| Exercise details |
Starting with the line that contains "Arkası postadan geçmiş", repeat exactly every line through the last one in the records below, and leave out the pictures.

| Provided data |
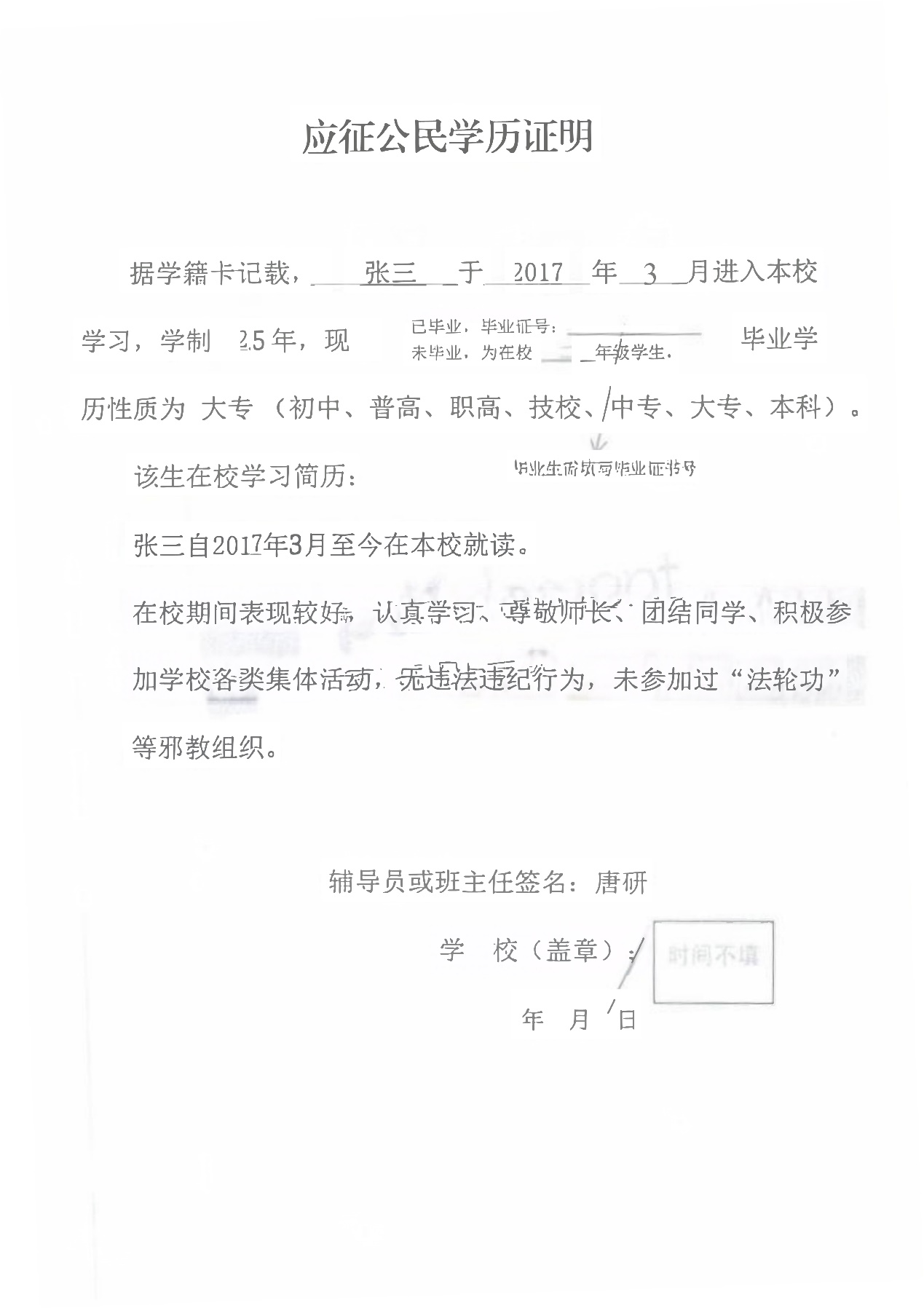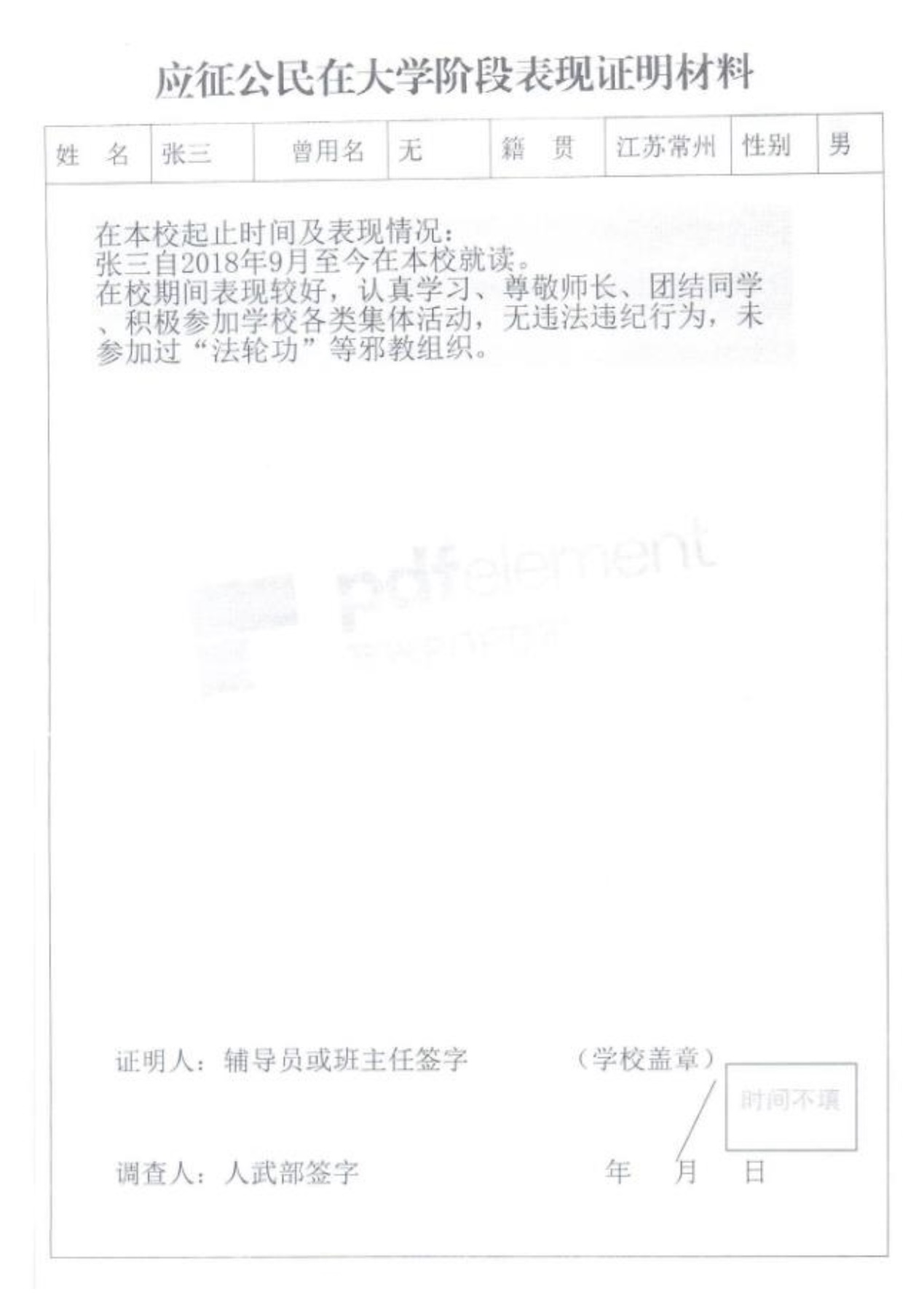 2.《大学生在校表现证明》《应征公民学历证明》等其他材料(武装部或派出所提供的固定格式)
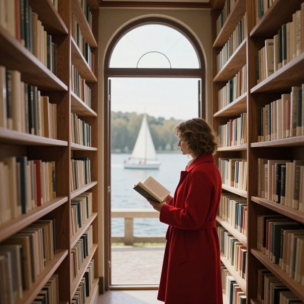 A woman wearing a vibrant red coat stands between tall wooden bookshelves in a library. She holds an open book and looks out through an arched doorway that opens to a peaceful lakeside view, featuring a sailboat on calm water and a sunlit natural landscape.
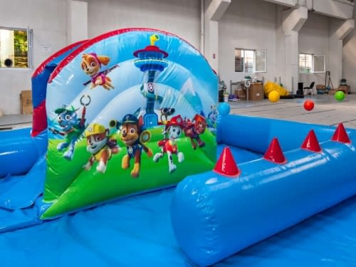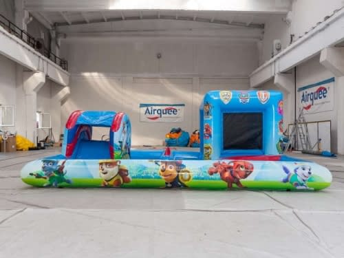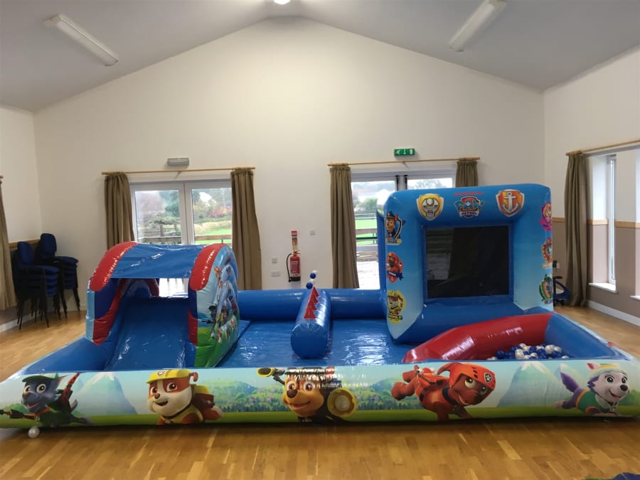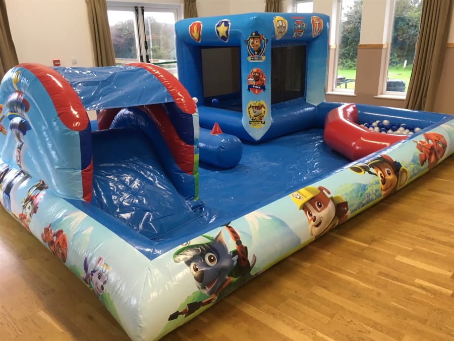 Our Licensed Nickelodeon Paw Patrol play zone is a lot more than just soft play this is a bouncer, a slide, and a ball pool. This unit can be used inside only. There is lot of fun to be had for the little ones and its all built in to this one unit. It features. A built in toddlers bouncy castle with netted sides for safety and easy viewing. A separate slide and the well loved magic air jugglers. A ball pool with 500(approx) balls is located on the front corner.
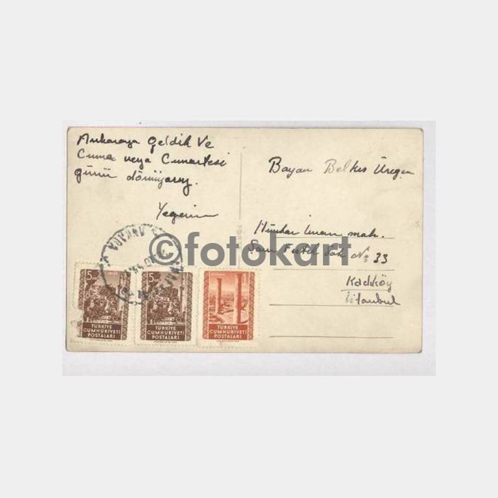Arkası postadan geçmiş damgalı 28. 10. 1955 Anafartalar şubesinden Kadıköy’e postalanmış
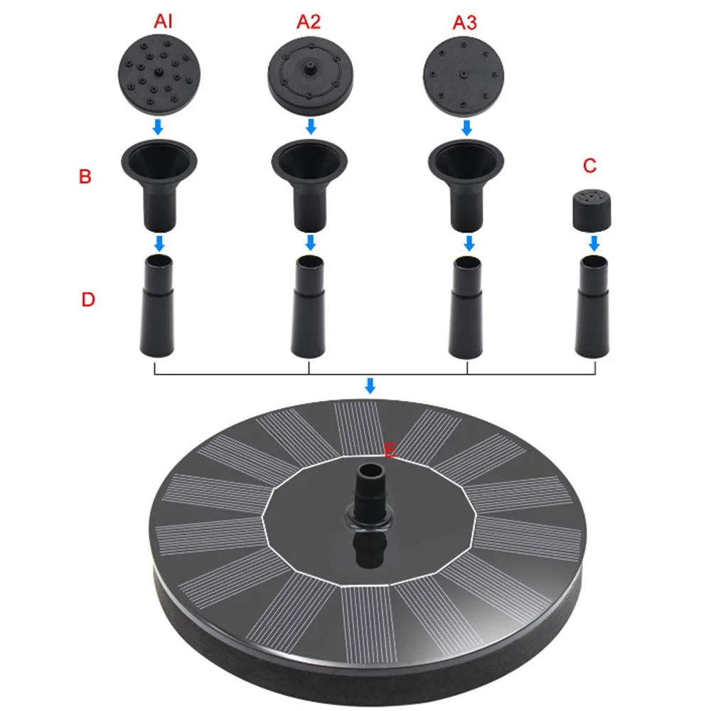 Солнечный водяной фонтан поставляется с 4 распылительными головками в разных узорах распыления, Выберите любой шаблон распылительной воды, который вам нравится. Птицы, бабочки и другие маленькие животные будут привлекаться здесь, делает ваш сад более динамичным и красивым.
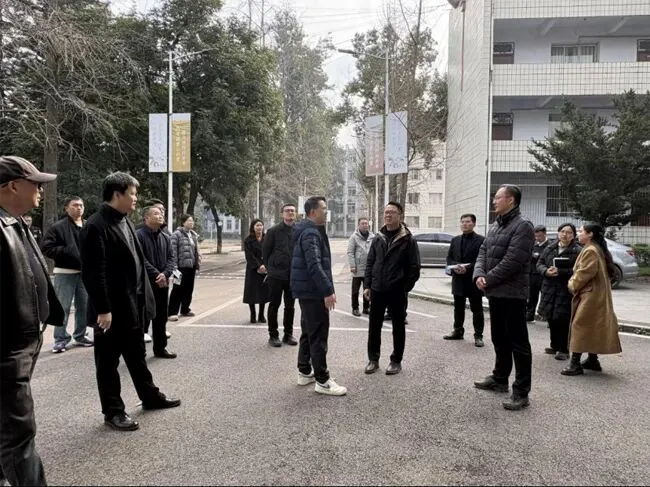 曹杨一行调研了老校区办公楼、实训室及其他可利用空间,详细了解场地规模、结构特点及改造潜力。双方围绕如何利用现有建筑资源,打造符合微短剧拍摄需求的室内外场景进行了现场交流与探讨。
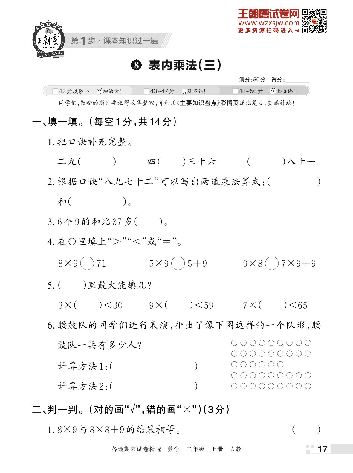 王朝霞期末过课本——8 表内乘法(三)二年级上册数学(人教版)

| Answer to the exercise |
Arkası postadan geçmiş damgalı 28. 10. 1955 Anafartalar şubesinden Kadıköy’e postalanmış
 Солнечный водяной фонтан поставляется с 4 распылительными головками в разных узорах распыления, Выберите любой шаблон распылительной воды, который вам нравится. Птицы, бабочки и другие маленькие животные будут привлекаться здесь, делает ваш сад более динамичным и красивым.
 曹杨一行调研了老校区办公楼、实训室及其他可利用空间,详细了解场地规模、结构特点及改造潜力。双方围绕如何利用现有建筑资源,打造符合微短剧拍摄需求的室内外场景进行了现场交流与探讨。
 王朝霞期末过课本——8 表内乘法(三)二年级上册数学(人教版)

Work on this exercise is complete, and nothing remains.